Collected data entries
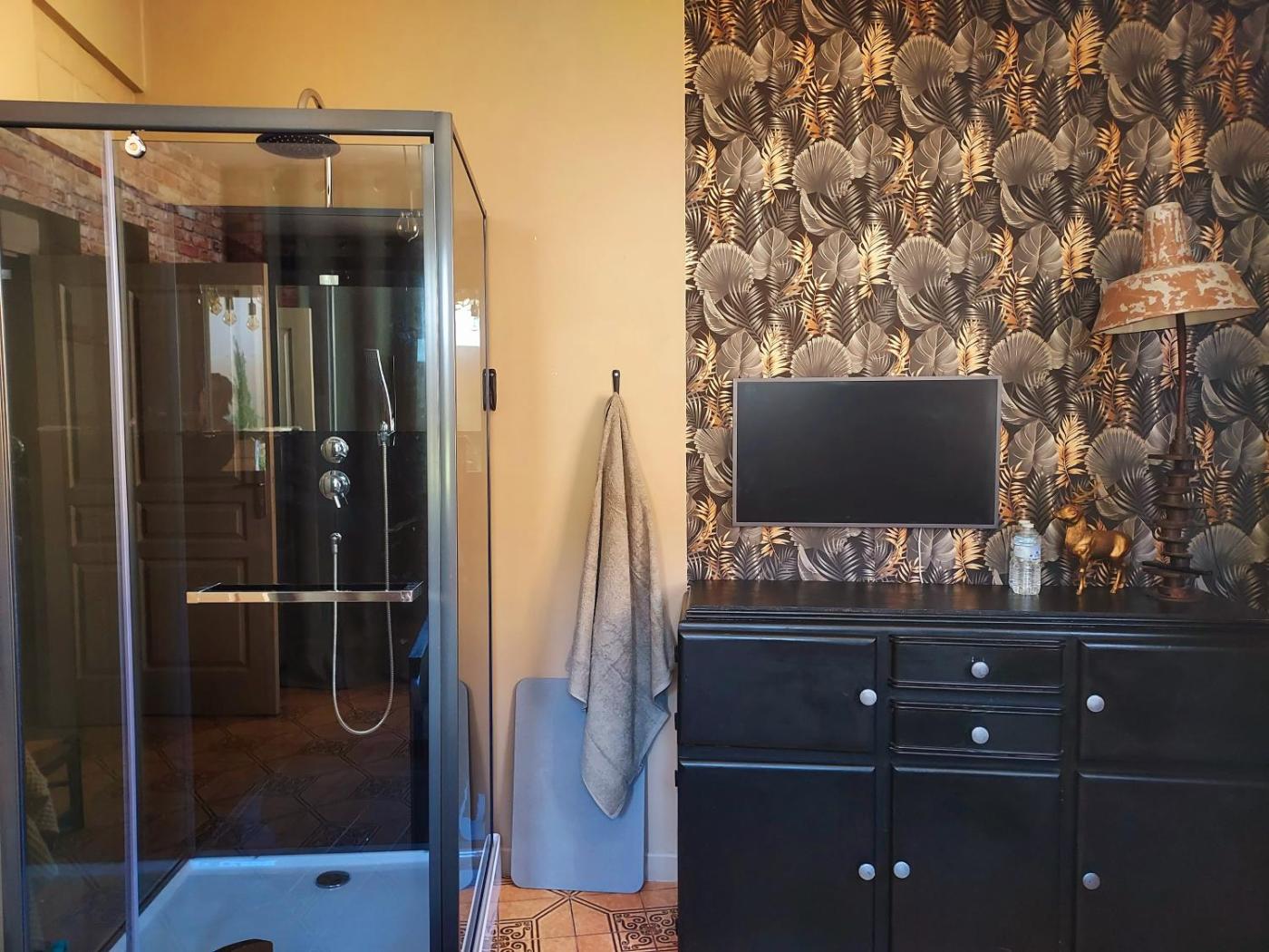 Chambre Double - Vue sur Parc. Boasting 1 bedroom, this holiday home has 1 bathroom with a shower, a seating area and terraceyou can relax. In the kitchen, guests will find a stovetop, a refrigerator, kitchenware and an oven. The holiday home features a flat-screen TV, a coffee machine, a dining area, heating as well as garden views. The unit offers 1 bed. ;
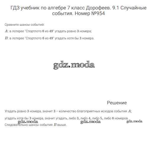 ОТВЕТ на задание № 954 Учебник по Алгебре 7 класс Дорофеев Академический школьный учебник
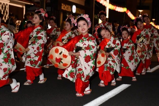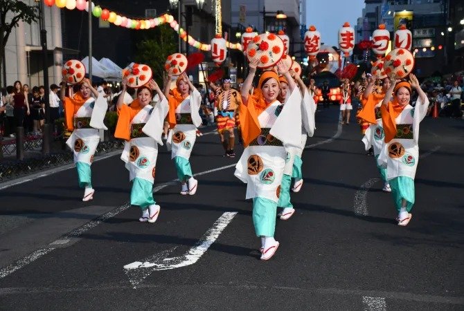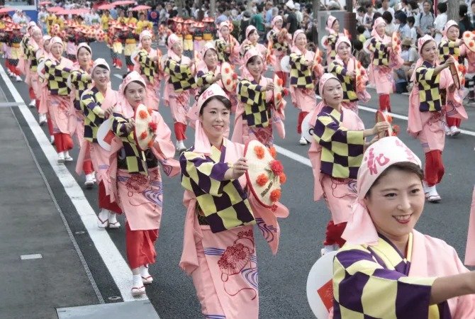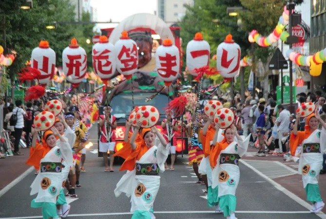 舞者面对着山形的旧市政厅文翔馆,随着民歌的节奏舞动,并在"Yassho, Makasho"的歌词鞭策下在街上前进。
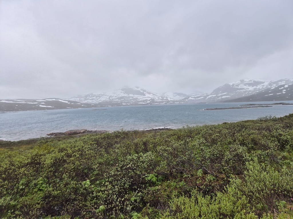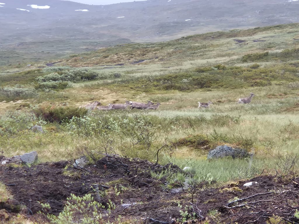 Dagens etappe var en kald og våt fornøyelse. Likevell var det vakker utsikt til tross for både regn og tåke. Etter å ha vinket Martine farvell på busstoppet satte jeg i gang oppover mot innsjøen Tyin. Det ble litt stigning, men farten var god for å holde på varmen. Jeg møtte på en liten reinflokk langs veien og ble stående en stund å se på dem.
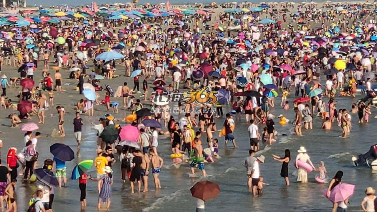 北海銀灘景區(qū),游泳注意安全,小孩容易走失
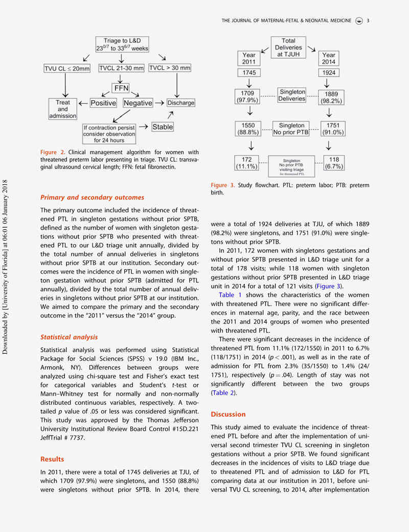 研究設(shè)計(jì):這是一項(xiàng)回顧性隊(duì)列研究,研究對(duì)象是2011年(1月1日至12月31日)和2014年(1月1日至12月31日)因先兆早產(chǎn)在Thomas Jefferson大學(xué)醫(yī)院(TJU)(賓夕法尼亞州費(fèi)城)就診的所有孕23 + 0/7至33 + 6/7周之間且既往無SPTB的單胎妊娠孕婦。自2012年1月1日開始起的兩年中開展TVU
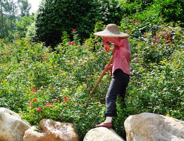 酷暑下为维护景区的整洁默默工作的保洁员
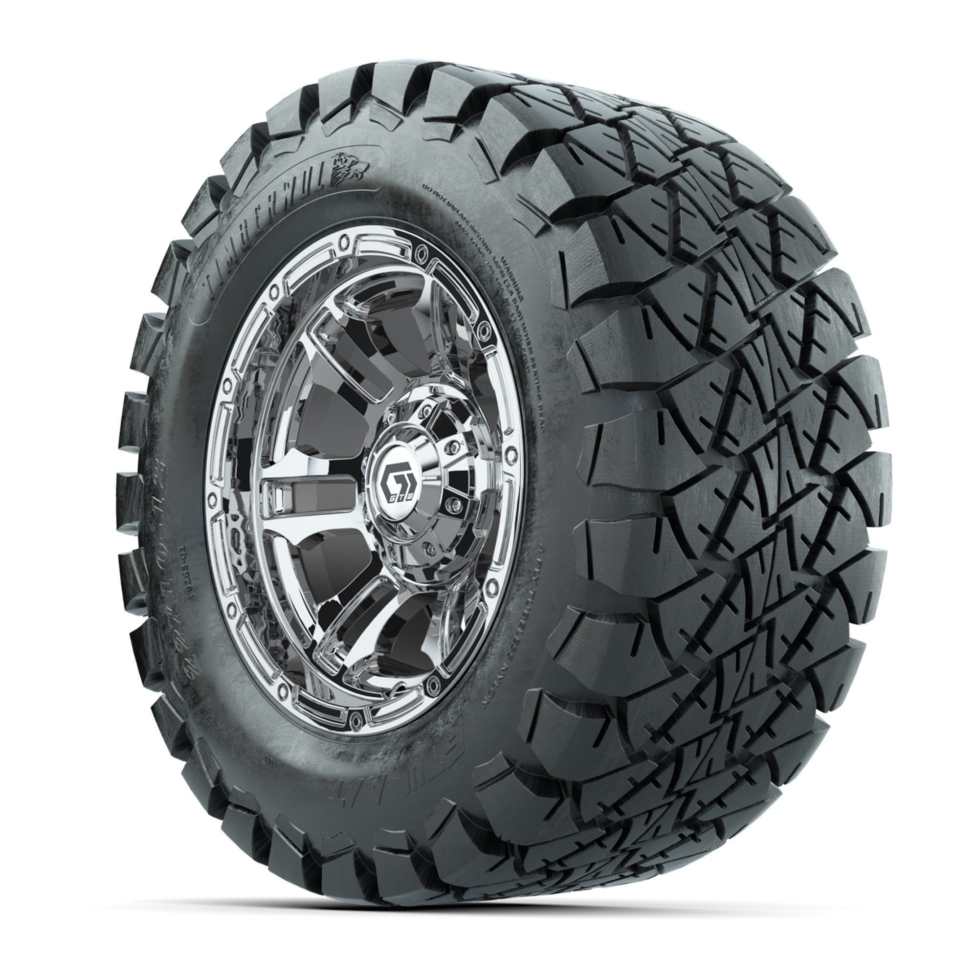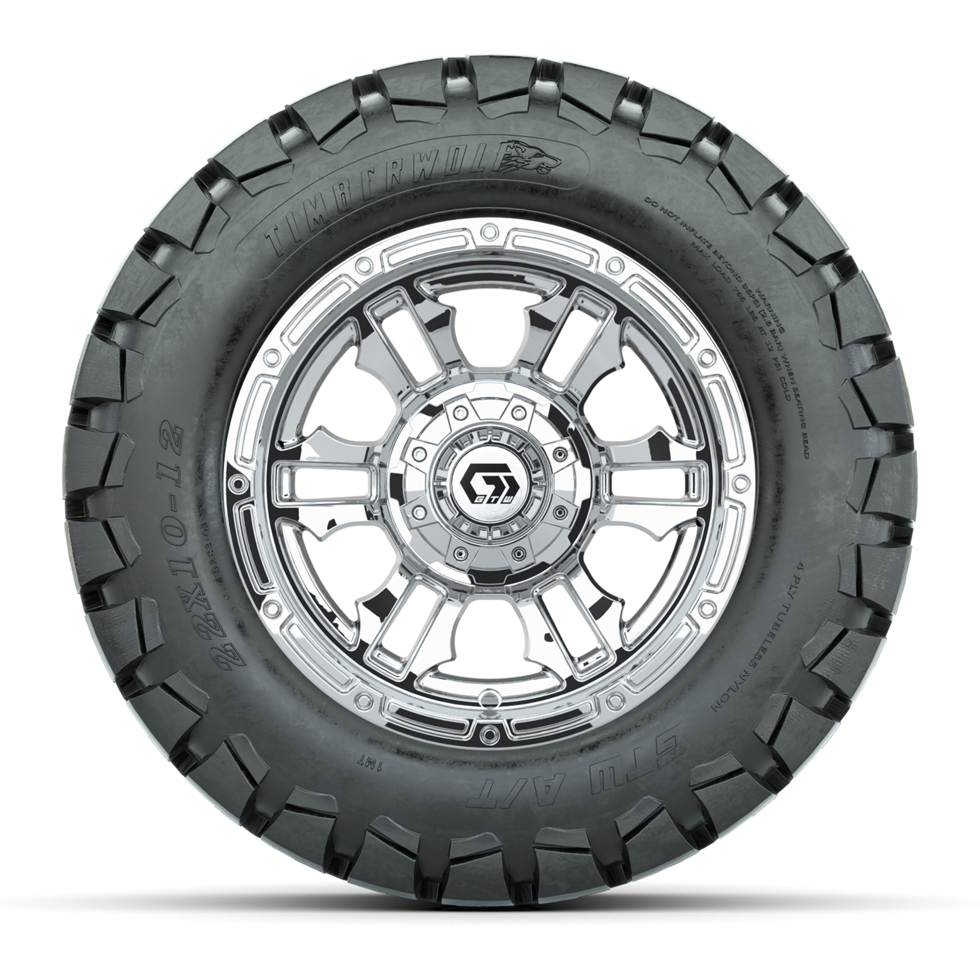 GTW® Shogun Chrome 12 in Wheels with 22x10-12 Timberwolf All-Terrain Tires – Full Set
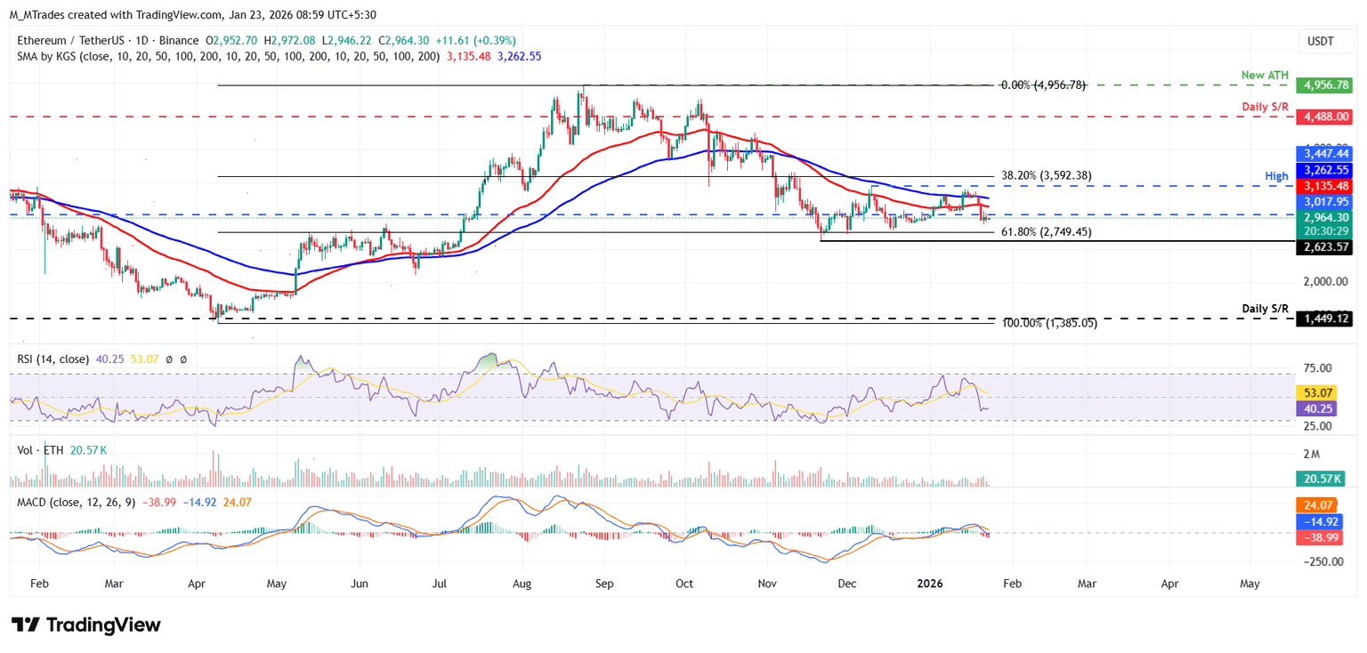 - El precio de Ethereum se estabiliza alrededor de 2.960$ después de cerrar por debajo del soporte diario a principios de esta semana.
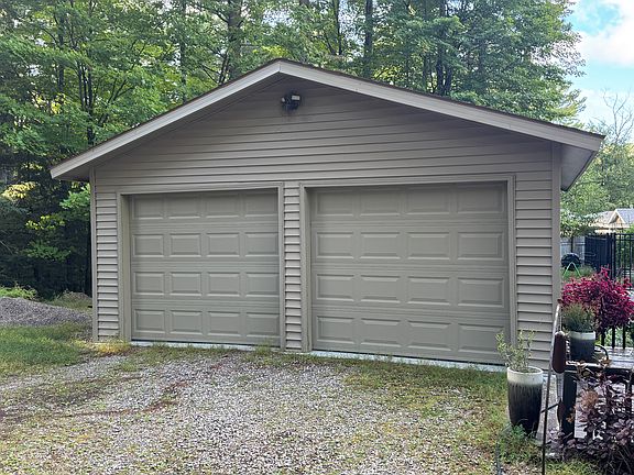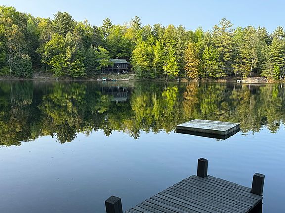 Charming, fully furnished cabin with 2-car garage on George Lake with stunning views of the water. Gas fireplace, mini-split in bedroom, ceiling fans and beautiful landscaping.
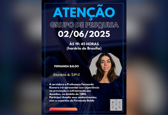 A Escola Nacional de Formação e Aperfeiçoamento de Magistrados (Enfam) realiza nesta segunda-feira, dia 2 de junho, a partir das 18h45 (horário local), mais uma edição do Grupo de Pesquisa em “Gestão de Pessoas e Novas Tecnologias no Sistema de Justiça: Desafios, Soft Skills e Inovação”, coordenado pela juíza Luiza Vieira Sá de Figueiredo, da comarca de Campo Grande, e abordará a importância da gestão respeitosa e consciente como ferramenta de prevenção ao assédio e à discriminação no ambiente de trabalho. O encontro terá a participação da servidora do TJMS e professora Fernanda Baldo Romero, que compartilhará sua experiência no desenvolvimento de práticas institucionais voltadas à prevenção e enfrentamento dessas condutas dentro da instituição.
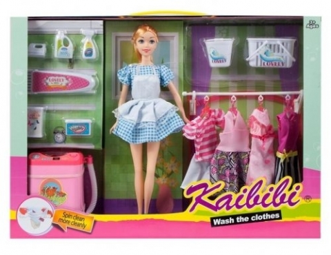 Zabawa z MEGA CREATIVE na pewno szybko się nie skończy. Zestaw daje możliwość spędzenia wspaniałego czasu podczas zabawy w prawdziwą pralnię! W zestawie znajdują się: lalka, pralka, deska do prasowania, żelazko, wiadro, kosz na pranie, zestaw detergentów do prania, wieszak stojący na ubrania oraz 4 zestawy ubrań. Produkt wykonany z plastiku, materiału oraz sztucznego włosia. Przeznaczony dla dzieci w wieku: 3+.
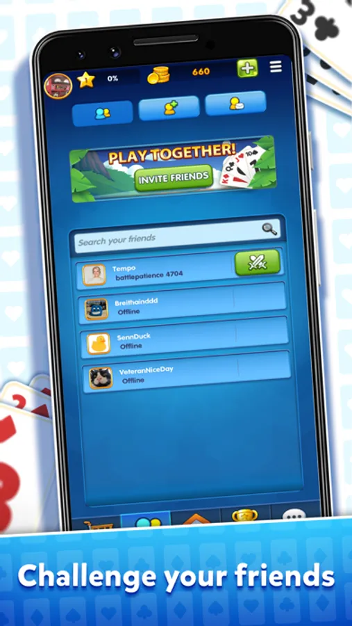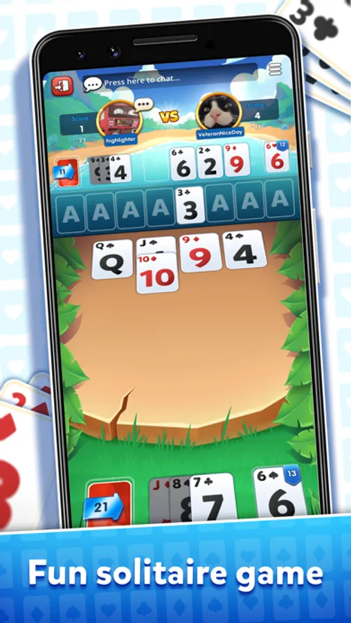 Play the most fun casual free-to-play Solitaire Card game of all! Play against your friends, family or people from all over the world. Join friends who are already playing or make new ones. Win a round and gain coins, experience and achievements. BattleSolitaire is a game of skill, speed and strategy. Outplay your opponent, discard all your cards and win BATTLESOLITAIRE!
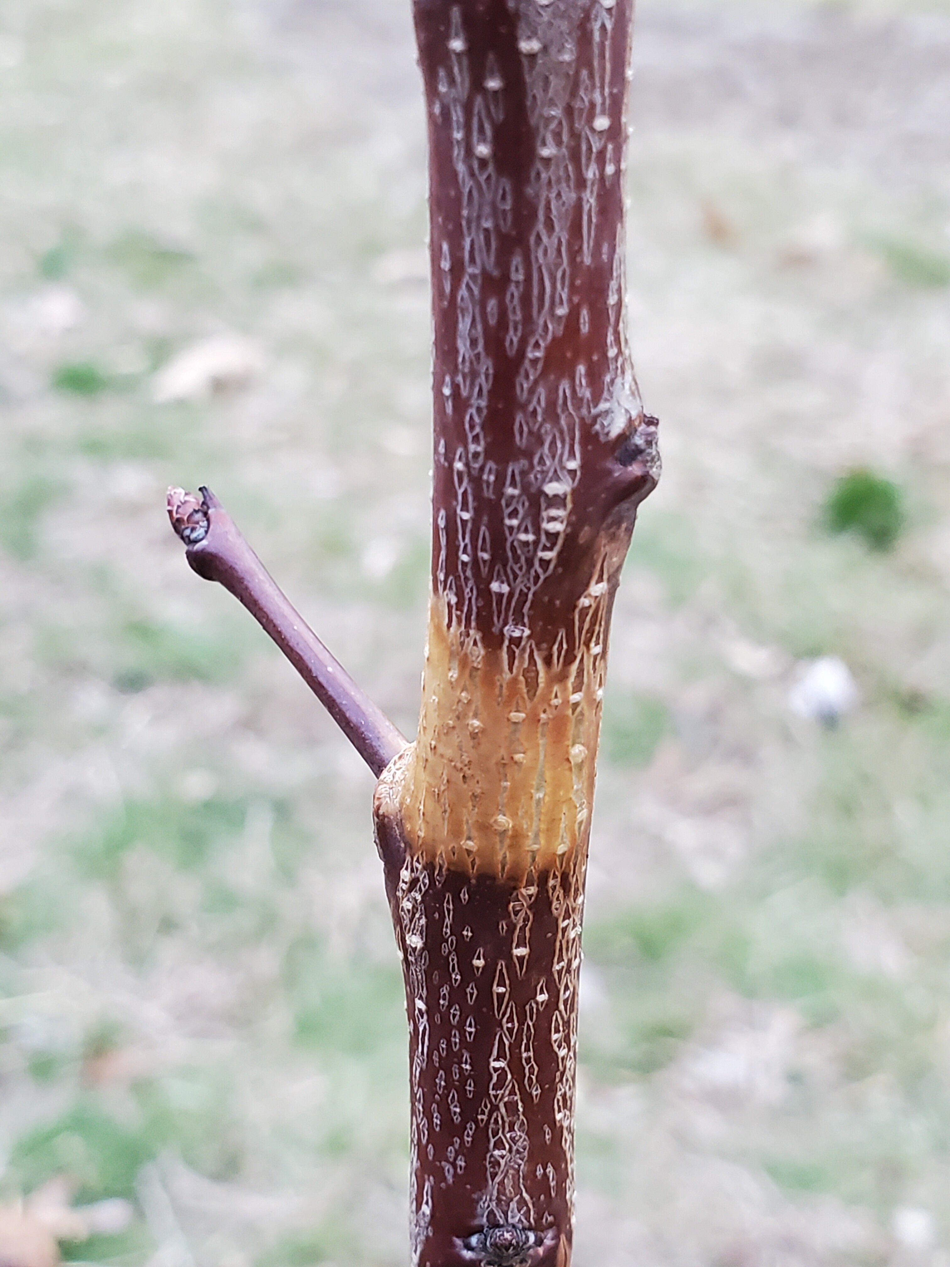 I havenât scratched the bark yet to see what it looks like underneath. Itâs also about where Iâm planning to make a heading cut, so it might go away either way?
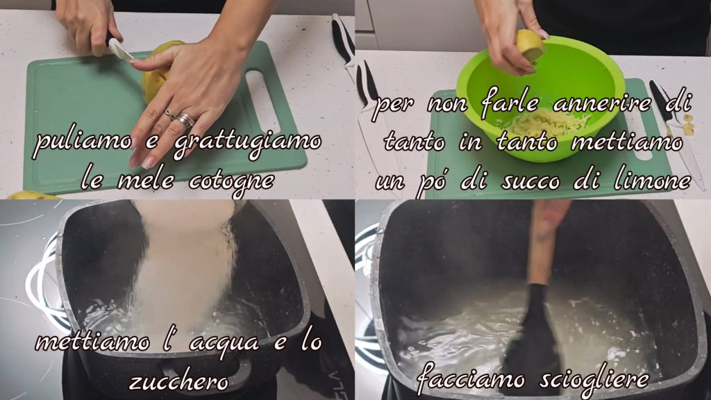 Zuerst wasche die Quitten gründlich und reibe sie. Um sie nicht zu sehr bräunen zu lassen, gib ab und zu etwas Zitronensaft darauf. In einem Topf gib das Wasser und den Zucker und lasse es schmelzen.
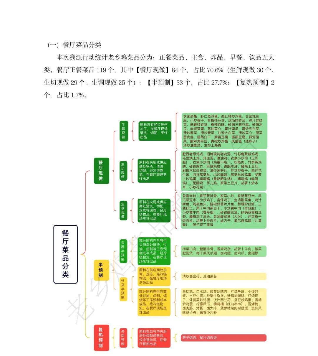 而根據(jù)這份《老鄉(xiāng)雞菜品溯源報(bào)告》顯示,老鄉(xiāng)雞當(dāng)前正餐菜品中“餐廳現(xiàn)做”占比70.6%,“半預(yù)制”占比27.7%,“復(fù)熱預(yù)制”占比1.7%。

*Instructions for the task*:
Please copy exactly the lines from the one containing "A Escola Nacional" through the end of the records above, leaving out every picture.

*Exercise solution*:
 A Escola Nacional de Formação e Aperfeiçoamento de Magistrados (Enfam) realiza nesta segunda-feira, dia 2 de junho, a partir das 18h45 (horário local), mais uma edição do Grupo de Pesquisa em “Gestão de Pessoas e Novas Tecnologias no Sistema de Justiça: Desafios, Soft Skills e Inovação”, coordenado pela juíza Luiza Vieira Sá de Figueiredo, da comarca de Campo Grande, e abordará a importância da gestão respeitosa e consciente como ferramenta de prevenção ao assédio e à discriminação no ambiente de trabalho. O encontro terá a participação da servidora do TJMS e professora Fernanda Baldo Romero, que compartilhará sua experiência no desenvolvimento de práticas institucionais voltadas à prevenção e enfrentamento dessas condutas dentro da instituição.
 Zabawa z MEGA CREATIVE na pewno szybko się nie skończy. Zestaw daje możliwość spędzenia wspaniałego czasu podczas zabawy w prawdziwą pralnię! W zestawie znajdują się: lalka, pralka, deska do prasowania, żelazko, wiadro, kosz na pranie, zestaw detergentów do prania, wieszak stojący na ubrania oraz 4 zestawy ubrań. Produkt wykonany z plastiku, materiału oraz sztucznego włosia. Przeznaczony dla dzieci w wieku: 3+.
 Play the most fun casual free-to-play Solitaire Card game of all! Play against your friends, family or people from all over the world. Join friends who are already playing or make new ones. Win a round and gain coins, experience and achievements. BattleSolitaire is a game of skill, speed and strategy. Outplay your opponent, discard all your cards and win BATTLESOLITAIRE!
 I havenât scratched the bark yet to see what it looks like underneath. Itâs also about where Iâm planning to make a heading cut, so it might go away either way?
 Zuerst wasche die Quitten gründlich und reibe sie. Um sie nicht zu sehr bräunen zu lassen, gib ab und zu etwas Zitronensaft darauf. In einem Topf gib das Wasser und den Zucker und lasse es schmelzen.
 而根據(jù)這份《老鄉(xiāng)雞菜品溯源報(bào)告》顯示,老鄉(xiāng)雞當(dāng)前正餐菜品中“餐廳現(xiàn)做”占比70.6%,“半預(yù)制”占比27.7%,“復(fù)熱預(yù)制”占比1.7%。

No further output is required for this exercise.